Each of us has our own unique energy needs. The simple guidelines below are suggestions for building a nutritious breakfast menu.

Báo Phụ nữ Việt NamBáo Phụ nữ Việt Nam24/04/2025

The best foods to eat in the morning.

Preparing breakfast can be challenging if you exercise in the morning. Depending on the intensity and duration of your workout, eating a light snack before exercise, including some easily digestible carbohydrates and protein, 15 minutes prior to training can boost energy without causing digestive upset.

After a workout, having a balanced breakfast helps replenish carbohydrate and protein reserves in the muscles, thereby promoting recovery.

Choosing a protein-rich breakfast such as eggs, yogurt, beans, cottage cheese, protein powder, or chicken within two hours of exercising will optimize muscle growth.

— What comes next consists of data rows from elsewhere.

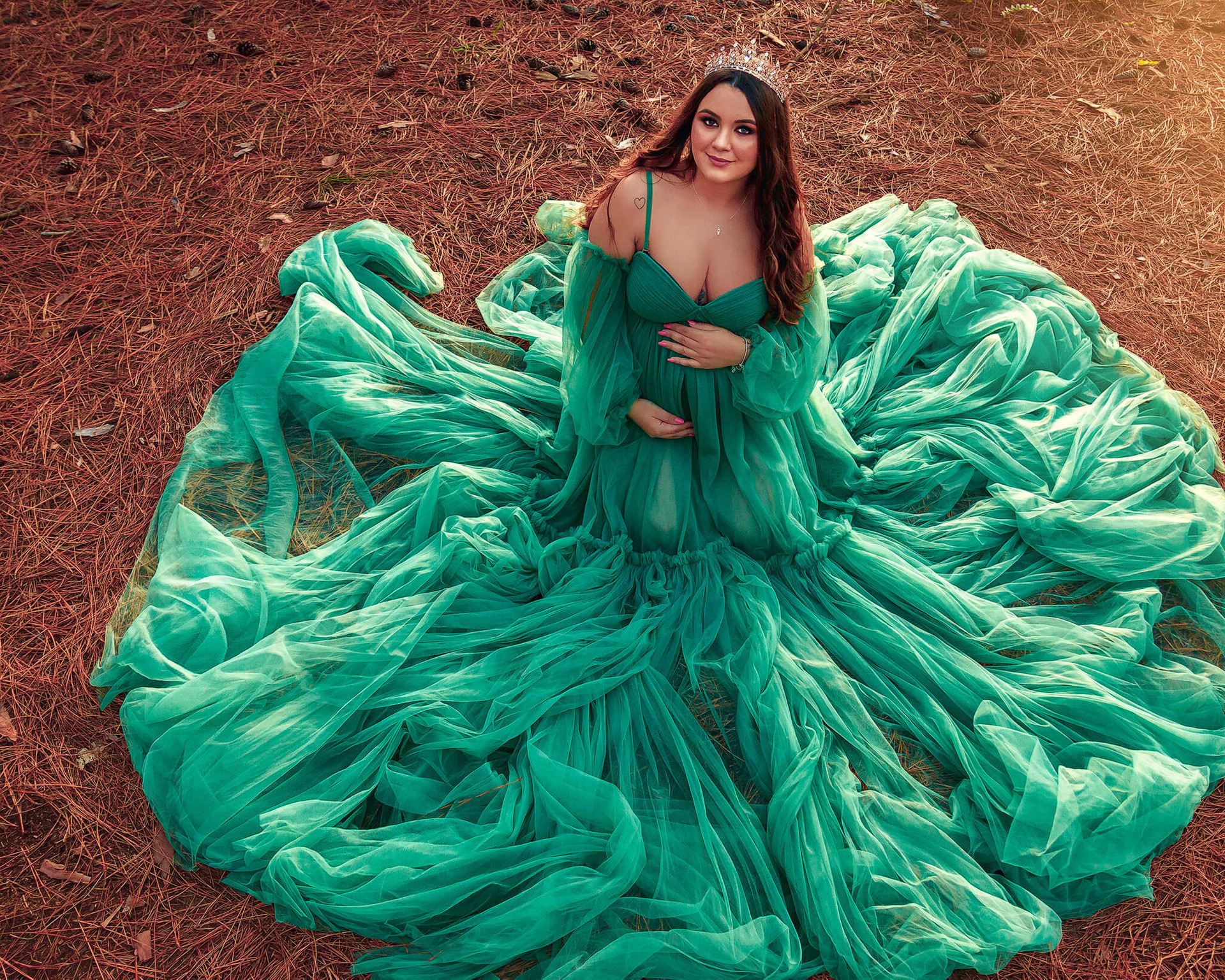 Ensaio fotográfico gestante com figurinos de princesa, luz natural e direção delicada para capturar sua beleza única nesse momento mágico.
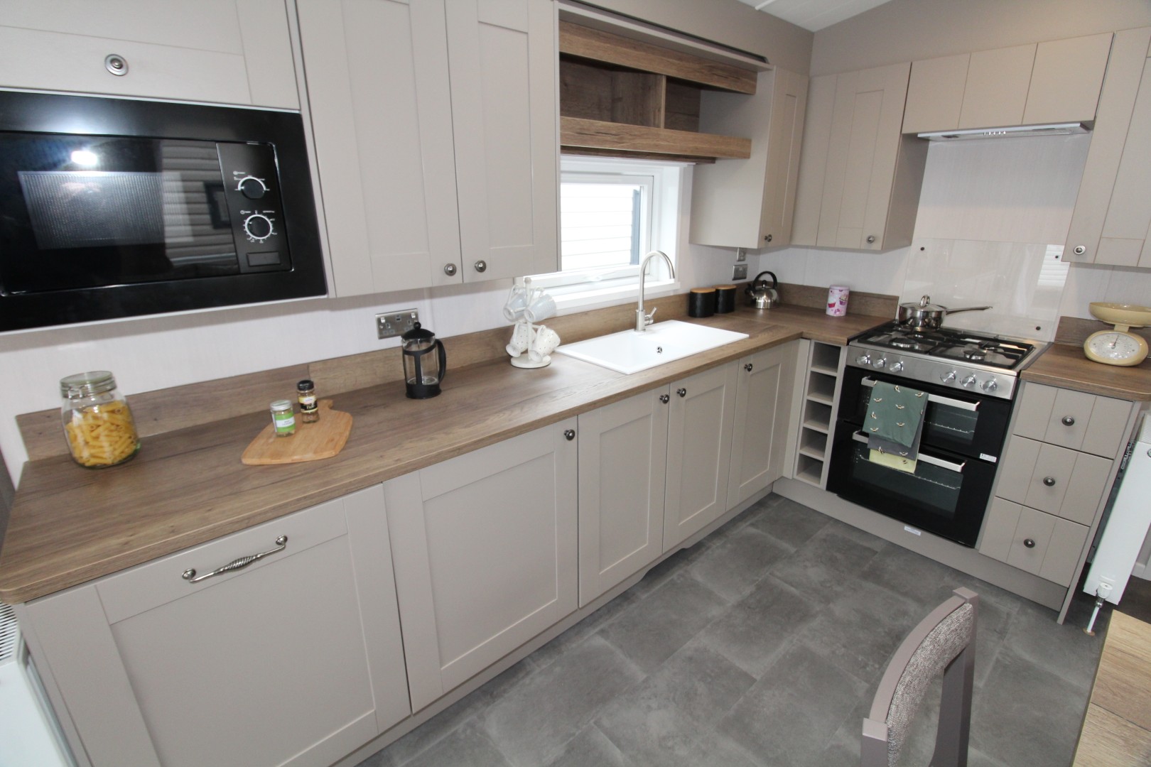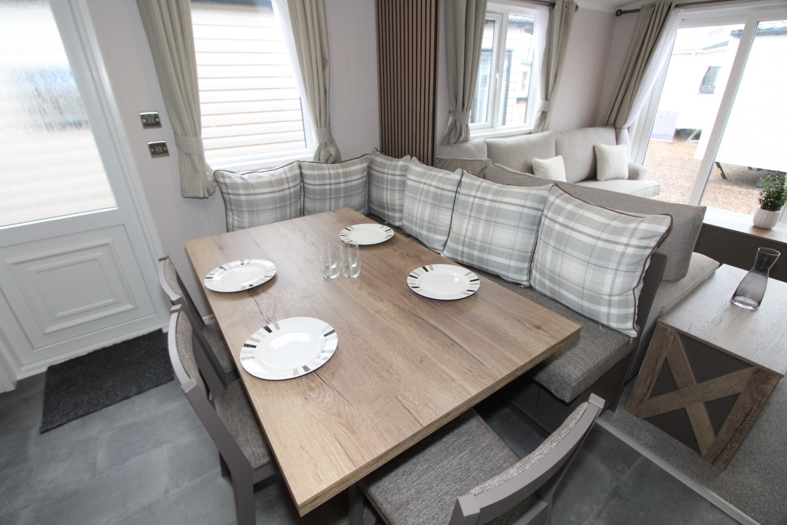 The shaker-style kitchen is both practical and elegant, fitted with soft-close doors, stylish worktops and matching splashbacks. It comes fully equipped with an integrated microwave, fridge freezer, glass-fronted oven, grill and a four-burner gas hob with an externally vented cooker hood. A freestanding dining table with wrap-around bench seating and three cushioned chairs provides a comfortable area for family meals and social gatherings.
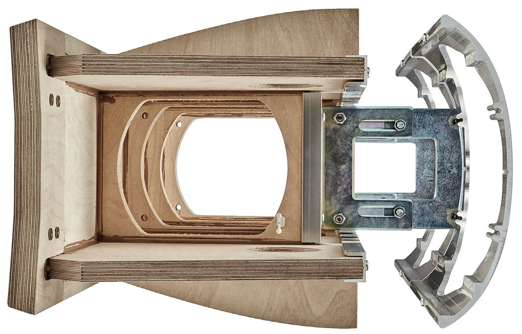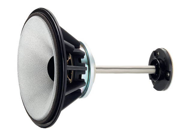 Kiedyś ta fajka była już tak długa, a potem ją skrócono... Teraz ma jednak jeszcze inny kształt i jest wyfrezowana z jednego kawałka aluminium. Tutaj również udoskonalono elastyczne mocowanie (niezależne od mocowania głowy średniotonowej). A na samym dole... przerobiono cokół będący wcześniej odlewem ze stopu aluminium i cynku, a teraz jest odlewem aluminiowym z warstwą tłumiącą trzymaną od spodu przez stalową płytę.
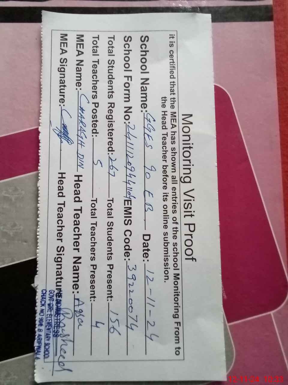 | Attendance Register | Head Teacher | MEA with School | Visit Proof |
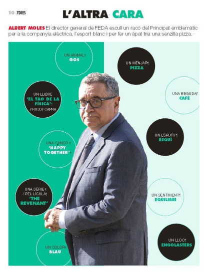 El director general de FEDA escull un racó del Principat emblemàtic per a la companyia elèctrica, l’esport blanc i per fer un àpat tria una senzilla pizza.
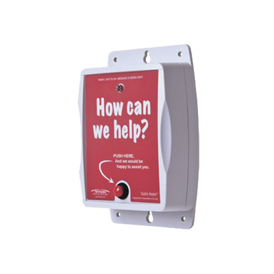 Con Quick Assist sus clientes, pueden simplemente presionar un botón cuando requieren asistencia y un mensaje personalizado será enviado alertando al personal equipado con radios de 2 vías.
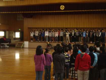 全校児童で今月の歌「世界が一つになるまで」を合唱しました。その後は,
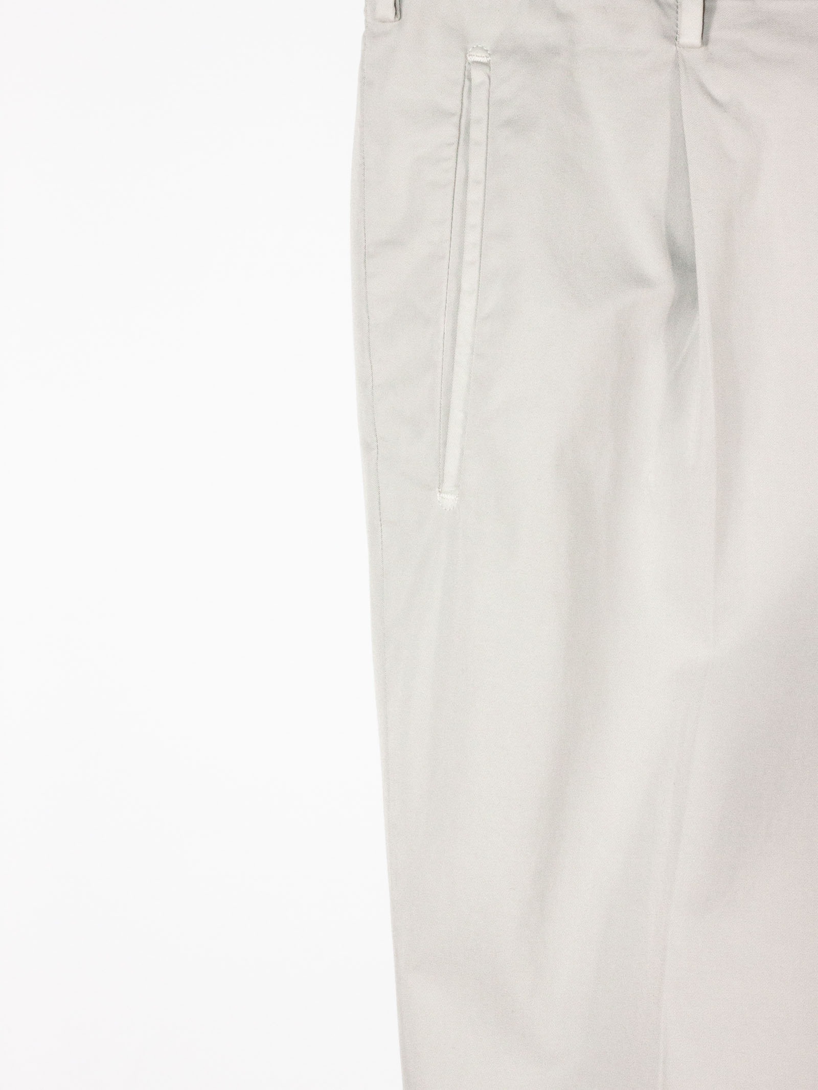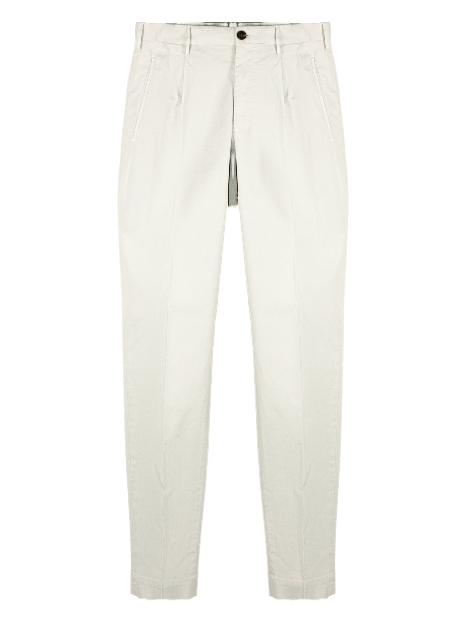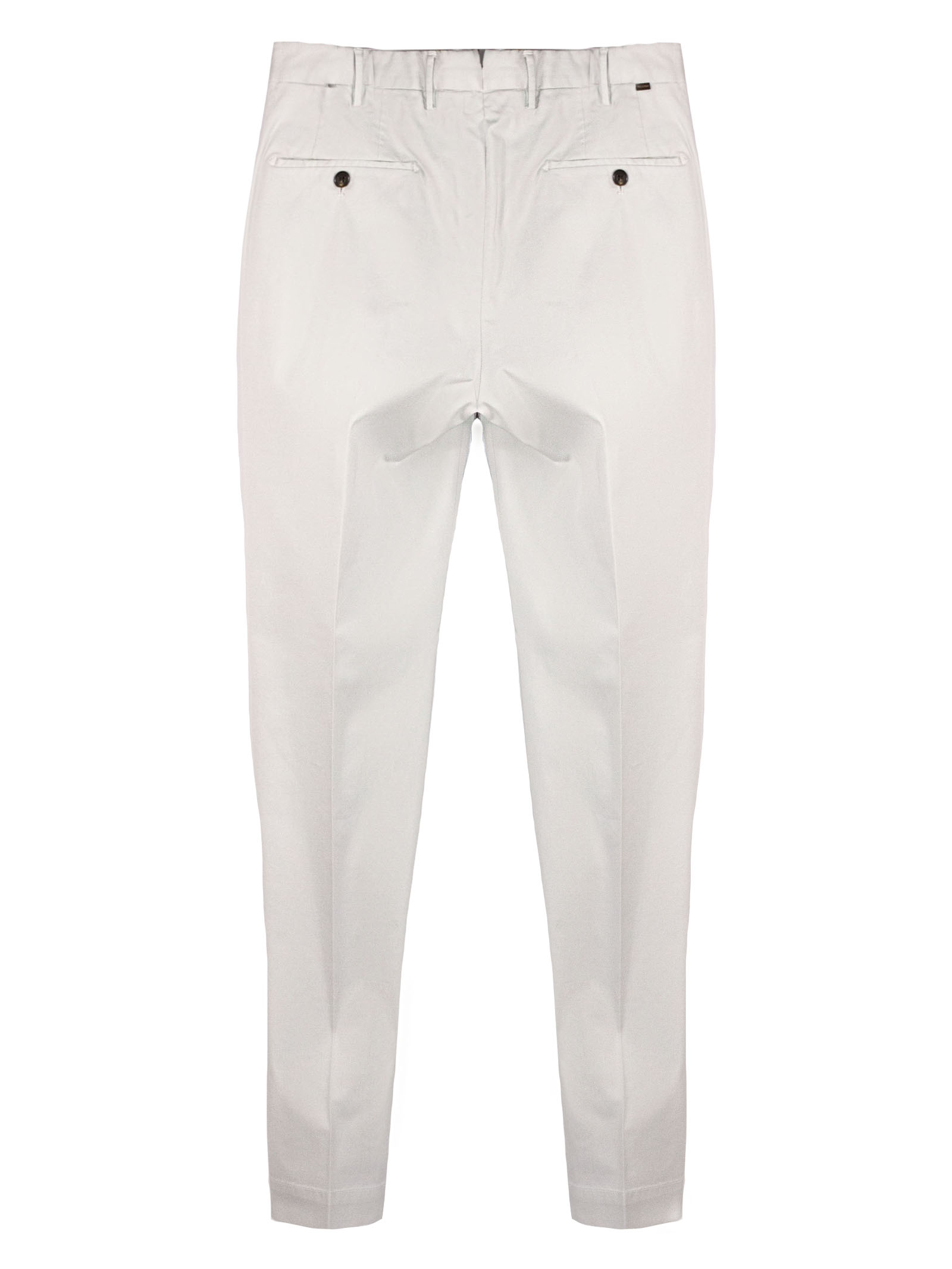 Light beige cotton blend trousers, Tapared fit, belt loops, front zip and button closure, side welt pockets, back pockets with buttons

It is also important to supplement carbohydrates from foods such as oats, barley, quinoa, whole-grain bread, and starchy vegetables like sweet potatoes to replenish glycogen stores.

Aerobic exercise and activities lasting longer than an hour require a higher carbohydrate intake than strength training to boost resistance. Try baked sweet potatoes, kale, roasted garlic, hard-boiled eggs, and almonds for a protein-rich mid-morning snack to accompany your favorite bread.

Breakfast for people with stress

If you're feeling stressed, anxious, or exhausted, breakfast is essential as it provides energy and improves your mood for the day. Avoid highly processed cereals and sugary foods; instead, opt for carbohydrate-rich options like rolled oats, whole-grain sourdough bread, or low-sugar fruits.

It's important to prioritize protein in your meals to stabilize blood sugar levels. You can find this in foods like salmon, flax seeds, walnuts, or chia seeds.

Additionally, pay attention to caffeine intake; ideally, drink coffee after breakfast. For those who prefer a lower-caffeine option, green tea, which is high in the amino acid L-theanine, is a great choice. Ideally, you should eat breakfast within two hours of waking up.

Meal plan for weight loss

If weight loss is your goal, you shouldn't skip breakfast, unless you're intermittent fasting with a 16:8 diet. A balanced and complete breakfast can help you achieve your weight loss goals. Eating too little early in the day can lead to overeating in the afternoon and evening.

Good sources of protein such as eggs, plain yogurt, beans, tofu, protein powder, and whole grains are a perfect combination, keeping you feeling full longer and helping to reduce sugar cravings.

Boost your fiber and nutrient intake by adding some non-starchy vegetables or fruits like spinach, tomatoes, zucchini, oranges, and tangerines. Finish with a small serving of healthy fats, such as ¼ of an avocado, or sprinkle in some nuts.

For a balanced breakfast that will help you achieve your weight loss goals, try this spicy buttered sponge cake with shredded ham and spinach.